Did Religion Destroy the Alexandria Library?



There's a new meme running around among Progressives and militant atheists that says, "Religion is responsible for burning the famous ancient library at Alexandria, Egypt."  The story goes on that Christians burned the library and that if they hadn't we'd be living on other planets and driving flying cars today. It's easy to say what would have been from the safety of a millennium and a half distance in time and easy to assign blame when you don't have to string up crime scene tape.

It's a lot of balderdash, besides, but why "waste a good lie" to paraphrase a former White House Aid - especially when you can use it to make your enemies look bad. 

The truth is rather different.  The Alexandria library actually suffered several fires during it's history. Julius Caesar more or less accidentally set fire to it in 48 BC during a battle for the city.

Roman Emperor Aurelian lit it up again around 270 AD during the sack of Alexandria during his war with Queen Zenobia. Troops got a bit enthusiastic and burned a goodly bit of it.

The one ostensibly Christian foray into library burning was instigated under Coptic Bishop and later Pope Theophilus.  After a spate of pagan, Muslims and Jewish attacks on Christians and a couple of riots in which everyone participated, Theophilus ordered reprisals and then promptly died. Stories have it that he had the cheeky female chief librarian, Hypatia assassinated, but he was dead well before Hypatia's murder so is not likely the culprit.
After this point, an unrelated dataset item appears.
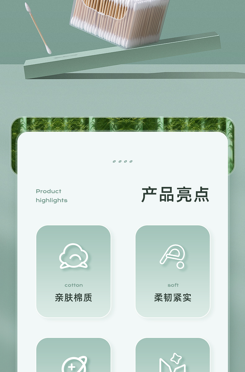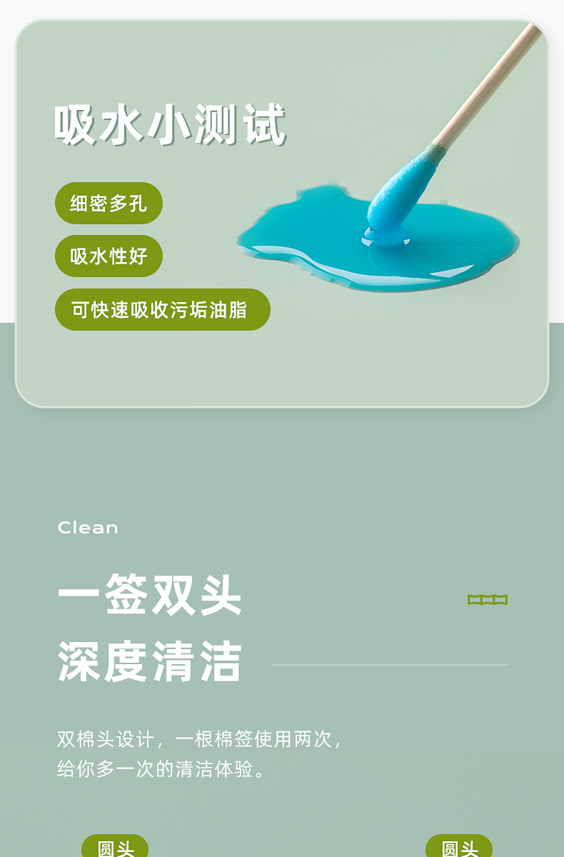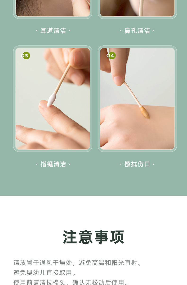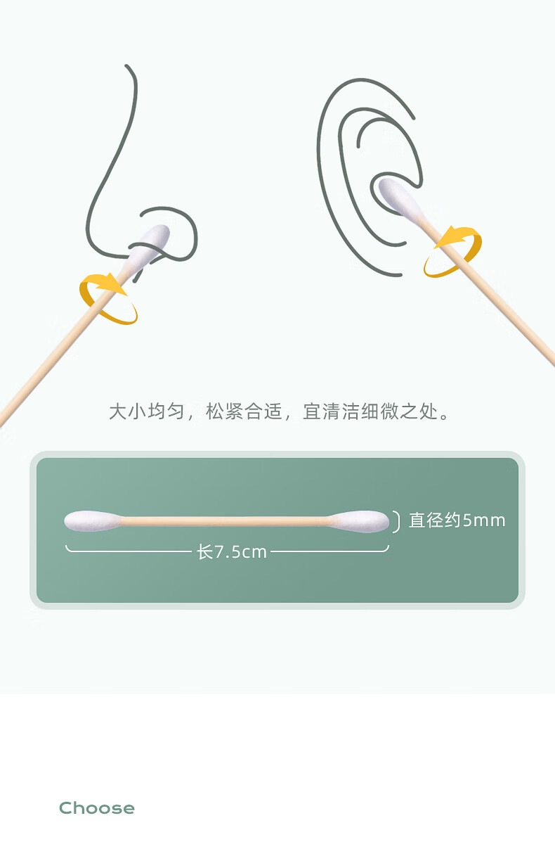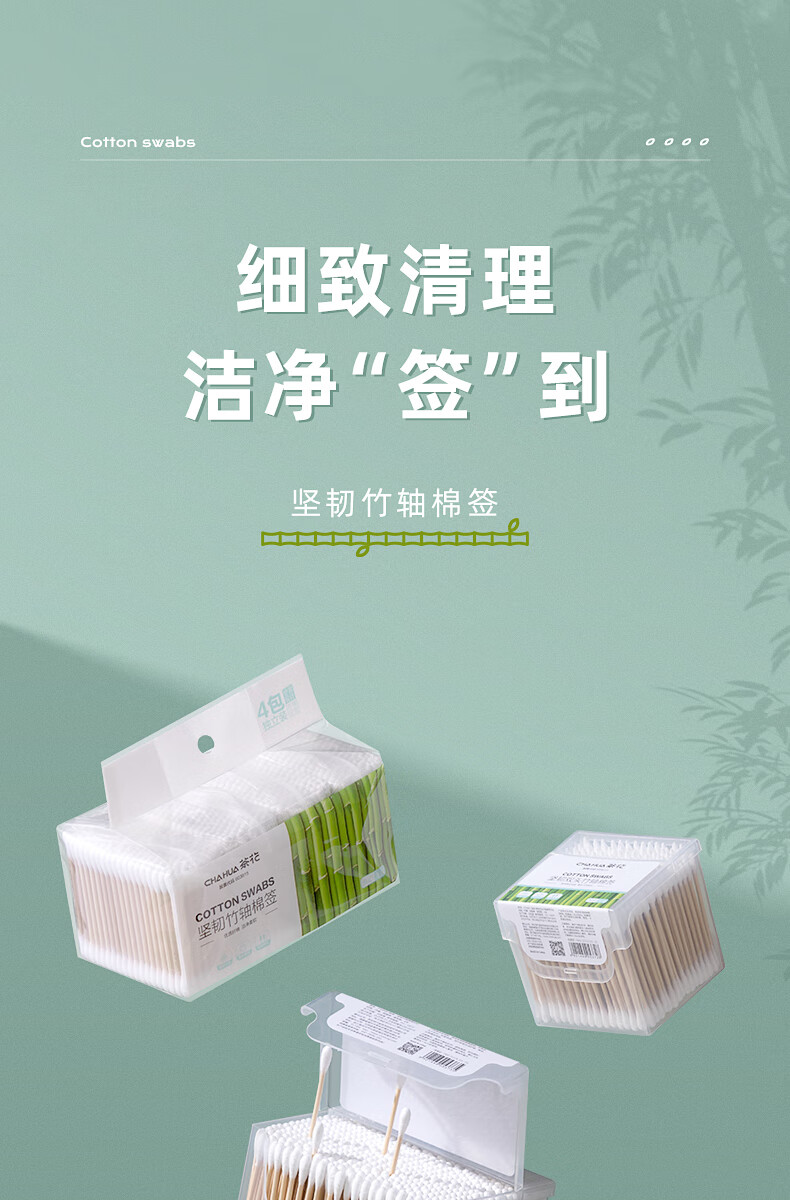 茶花新疆棉棉签木棒口红棉花棒掏耳朵尖头化妆用双头专用棉婴儿 袋装竹轴棉签800支(双圆头)

In all the kerfuffle the restored library was burned in 391. It was done mostly for political reasons, but why ruin a good anti-religion story.  The Bishop at the time apparently thought all that book-learning was making it difficult to subjugate the Egyptian pagans and Jews.  Typical government thinking.

The Muslims finished off what was left when they conquered Egypt in 642.  So the idea that Christians or even "religion" destroyed the library is absurd. Virtually every decision to torch the scrolls was a political one, even those made under the guise of religion. Keeping people ignorant is a technique most frequently used by governments to insure the peons are too stupid to make trouble.  Religious people tend to revere the written word.

The only written words revered by governments are found on the Tax Rolls.